**Brief**.
Here is a block of entries. Write out its lines exactly, from the first through the one containing "Chose large room".

Working data below:

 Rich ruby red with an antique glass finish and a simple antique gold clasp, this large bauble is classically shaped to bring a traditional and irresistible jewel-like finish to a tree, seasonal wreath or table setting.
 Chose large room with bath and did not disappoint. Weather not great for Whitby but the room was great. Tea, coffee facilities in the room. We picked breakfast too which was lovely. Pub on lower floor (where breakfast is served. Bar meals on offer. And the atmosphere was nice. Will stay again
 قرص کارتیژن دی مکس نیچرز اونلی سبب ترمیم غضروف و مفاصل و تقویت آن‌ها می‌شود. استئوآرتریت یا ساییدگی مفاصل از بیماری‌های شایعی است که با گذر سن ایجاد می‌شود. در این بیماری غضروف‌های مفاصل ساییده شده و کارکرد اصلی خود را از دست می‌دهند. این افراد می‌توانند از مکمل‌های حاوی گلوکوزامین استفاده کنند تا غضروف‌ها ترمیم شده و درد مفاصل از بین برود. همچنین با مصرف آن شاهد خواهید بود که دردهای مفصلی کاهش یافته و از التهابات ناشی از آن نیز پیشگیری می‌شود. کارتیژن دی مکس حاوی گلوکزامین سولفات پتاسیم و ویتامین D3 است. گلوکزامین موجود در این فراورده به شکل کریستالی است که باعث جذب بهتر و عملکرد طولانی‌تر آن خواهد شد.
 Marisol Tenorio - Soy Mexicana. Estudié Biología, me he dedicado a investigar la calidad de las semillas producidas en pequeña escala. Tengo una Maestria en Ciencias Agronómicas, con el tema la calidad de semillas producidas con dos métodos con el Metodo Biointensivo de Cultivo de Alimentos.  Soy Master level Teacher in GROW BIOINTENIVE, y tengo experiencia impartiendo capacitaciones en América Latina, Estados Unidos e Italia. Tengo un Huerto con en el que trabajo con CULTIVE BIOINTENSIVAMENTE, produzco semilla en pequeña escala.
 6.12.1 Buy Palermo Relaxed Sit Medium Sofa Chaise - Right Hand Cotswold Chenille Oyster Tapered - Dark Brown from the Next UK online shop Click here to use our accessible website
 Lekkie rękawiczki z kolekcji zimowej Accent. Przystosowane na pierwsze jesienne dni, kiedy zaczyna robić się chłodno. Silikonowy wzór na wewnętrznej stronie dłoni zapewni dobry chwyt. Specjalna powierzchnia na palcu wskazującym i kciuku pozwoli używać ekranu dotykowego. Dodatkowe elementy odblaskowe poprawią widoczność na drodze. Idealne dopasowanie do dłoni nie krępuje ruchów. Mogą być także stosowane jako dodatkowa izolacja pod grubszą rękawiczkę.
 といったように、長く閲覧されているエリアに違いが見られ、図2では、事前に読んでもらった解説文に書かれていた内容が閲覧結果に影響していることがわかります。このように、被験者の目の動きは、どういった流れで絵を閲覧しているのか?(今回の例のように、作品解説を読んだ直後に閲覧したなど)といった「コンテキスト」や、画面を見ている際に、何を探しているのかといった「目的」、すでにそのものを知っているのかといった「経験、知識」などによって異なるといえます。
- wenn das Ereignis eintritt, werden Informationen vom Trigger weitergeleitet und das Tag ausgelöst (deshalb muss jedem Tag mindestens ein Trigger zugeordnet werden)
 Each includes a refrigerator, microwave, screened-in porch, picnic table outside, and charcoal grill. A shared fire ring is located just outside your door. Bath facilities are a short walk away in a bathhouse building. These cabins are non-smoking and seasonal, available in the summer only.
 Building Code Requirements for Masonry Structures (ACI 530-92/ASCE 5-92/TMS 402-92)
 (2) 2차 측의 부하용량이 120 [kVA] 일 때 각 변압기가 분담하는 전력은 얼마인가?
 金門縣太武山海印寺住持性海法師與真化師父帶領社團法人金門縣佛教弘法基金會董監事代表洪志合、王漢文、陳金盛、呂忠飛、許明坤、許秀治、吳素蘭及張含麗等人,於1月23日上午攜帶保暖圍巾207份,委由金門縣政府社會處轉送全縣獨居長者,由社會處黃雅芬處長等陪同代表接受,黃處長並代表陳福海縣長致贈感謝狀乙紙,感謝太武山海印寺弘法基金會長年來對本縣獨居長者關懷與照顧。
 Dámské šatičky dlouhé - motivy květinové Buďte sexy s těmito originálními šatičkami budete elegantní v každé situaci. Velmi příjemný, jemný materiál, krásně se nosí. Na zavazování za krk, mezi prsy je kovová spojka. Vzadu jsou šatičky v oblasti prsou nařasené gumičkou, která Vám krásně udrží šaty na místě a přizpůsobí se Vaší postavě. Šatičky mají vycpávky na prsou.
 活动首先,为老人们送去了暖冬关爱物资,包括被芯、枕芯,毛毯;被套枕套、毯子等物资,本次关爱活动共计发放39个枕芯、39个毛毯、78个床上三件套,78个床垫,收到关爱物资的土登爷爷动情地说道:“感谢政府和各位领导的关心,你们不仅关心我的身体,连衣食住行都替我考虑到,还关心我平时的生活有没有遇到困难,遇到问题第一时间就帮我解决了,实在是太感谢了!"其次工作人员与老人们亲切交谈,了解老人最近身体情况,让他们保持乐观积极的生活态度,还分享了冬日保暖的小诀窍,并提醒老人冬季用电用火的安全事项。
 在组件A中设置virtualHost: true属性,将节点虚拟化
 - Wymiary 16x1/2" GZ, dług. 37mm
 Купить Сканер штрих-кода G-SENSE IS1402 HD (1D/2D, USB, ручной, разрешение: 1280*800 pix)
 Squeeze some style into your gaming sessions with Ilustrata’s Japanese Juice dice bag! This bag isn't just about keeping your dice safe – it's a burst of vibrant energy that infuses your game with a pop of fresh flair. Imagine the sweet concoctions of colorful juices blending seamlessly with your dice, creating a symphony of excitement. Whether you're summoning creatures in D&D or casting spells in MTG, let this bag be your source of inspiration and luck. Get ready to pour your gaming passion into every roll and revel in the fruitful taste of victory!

End of Working data.

**Response**.
 Rich ruby red with an antique glass finish and a simple antique gold clasp, this large bauble is classically shaped to bring a traditional and irresistible jewel-like finish to a tree, seasonal wreath or table setting.
 Chose large room with bath and did not disappoint. Weather not great for Whitby but the room was great. Tea, coffee facilities in the room. We picked breakfast too which was lovely. Pub on lower floor (where breakfast is served. Bar meals on offer. And the atmosphere was nice. Will stay again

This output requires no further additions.